Getting inside the head of your characters

When I’m in the beginning stages of writing a book, I work really hard to get inside the heads and into the homes of my characters. When I’m doing mundane things like washing dishes, making the bed, or going outside to water my flowers, I use those quiet moments to get to know them. I’ll say to myself, now what would Agatha be doing right now, this very minute?

She lives in a large Victorian house at the end of West Main Street in Park Place. I’ve sketched the floorplan of her home. I’ve walked with her through the library, the living room and up the massive stairway that leads to the four bedrooms she’s going to be letting out to the guests of the Bed and Breakfast she’s just opened. I’ve watched her read books by the light of the lamp beside her bed, and I’ve enjoyed hot tea with her guests while they sit beside the fireplace and chat.
I’ve created a front porch with rockers and painted her porch ceiling blue. I’ve marveled at the turret tower with the circular walls on the left side of the house that reaches toward the clouds, and I’ve looked from the outside in as the upstairs guests gather there in the little circular drawing room to look out upon Main Street as the shoppers pass by during the day and ooh and ahh over the Christmas lights as they’re turned on at dusk.

 Agatha’s front porch is surrounded by boxwoods and there’s a walkway leading to the sidewalk, with street lamps on each side. She has lots of shade trees, a separate 2-car garage, and an old carriage house on the right side of the house. You can look down from one of the second-floor bedrooms and see her English Garden and the exquisite statues and water fountain imported from Italy that anchor it. Beyond that, you can see the blueberry orchard where she gathers the berries to make her jams and jellies.

When I go outside in my own backyard, I see the lush green of Spring, but I have no trouble getting into Agatha’s shoes and following her into her own English Garden right smack in the middle of winter. I know that her husband, the avid gardener, died two years ago and the garden is in a state of disrepair. Winter tufts of brown grass and a small mulberry seedling are growing up between the flagstone squares, trying not to disturb the serene setting.
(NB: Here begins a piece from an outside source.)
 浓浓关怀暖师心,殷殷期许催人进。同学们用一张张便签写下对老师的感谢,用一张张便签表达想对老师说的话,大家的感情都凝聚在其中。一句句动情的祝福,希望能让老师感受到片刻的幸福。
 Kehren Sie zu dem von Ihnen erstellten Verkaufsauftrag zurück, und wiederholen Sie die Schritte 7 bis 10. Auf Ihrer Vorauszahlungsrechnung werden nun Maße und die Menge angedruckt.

The pump on the fountain quit working shortly after Charlie died and the water that’s left in the bowl by a recent rain is colored a murky brown from the leaves that have fallen from the trees. Agatha breathes a heavy sigh as she looks at what has become of Charlie’s garden. She can only do so much, she thinks, still a little angry at him for dying. Then a new thought enters her mind. A gardener, when Spring comes she will hire a gardener! Why had she not thought of that before?

And where does my character go from there? I make it up as I go along, but wait, I just had another thought.  Agatha is only sixty years old. She’s not dead yet! As she thinks about the gardener she will hire, she decides he must be easy on the eyes. Be careful, Agatha. Don't go there. We're writing a nice clean book.
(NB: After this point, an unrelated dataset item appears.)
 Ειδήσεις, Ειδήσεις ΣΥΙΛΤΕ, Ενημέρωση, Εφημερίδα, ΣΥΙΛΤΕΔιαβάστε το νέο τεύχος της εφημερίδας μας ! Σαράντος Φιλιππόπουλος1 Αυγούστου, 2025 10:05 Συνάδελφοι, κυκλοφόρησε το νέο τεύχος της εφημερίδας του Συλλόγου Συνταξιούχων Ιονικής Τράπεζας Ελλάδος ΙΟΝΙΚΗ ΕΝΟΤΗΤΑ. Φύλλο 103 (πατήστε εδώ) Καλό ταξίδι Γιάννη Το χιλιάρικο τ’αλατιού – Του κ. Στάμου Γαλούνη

See how quickly our imaginations can lead us off track? But the amazing thing is that we can merge our minds with our characters and a book is written. I still don't understand how. And we know we had to be a little bit crazy in the first place to have ever wanted to write a book because, by the end of the story, we've begun to act a whole lot like our character, good or bad!

1 comment:

  1. That's so interesting, Glenda. How lovely to be living in the world habited by your characters. I just think you're very clever!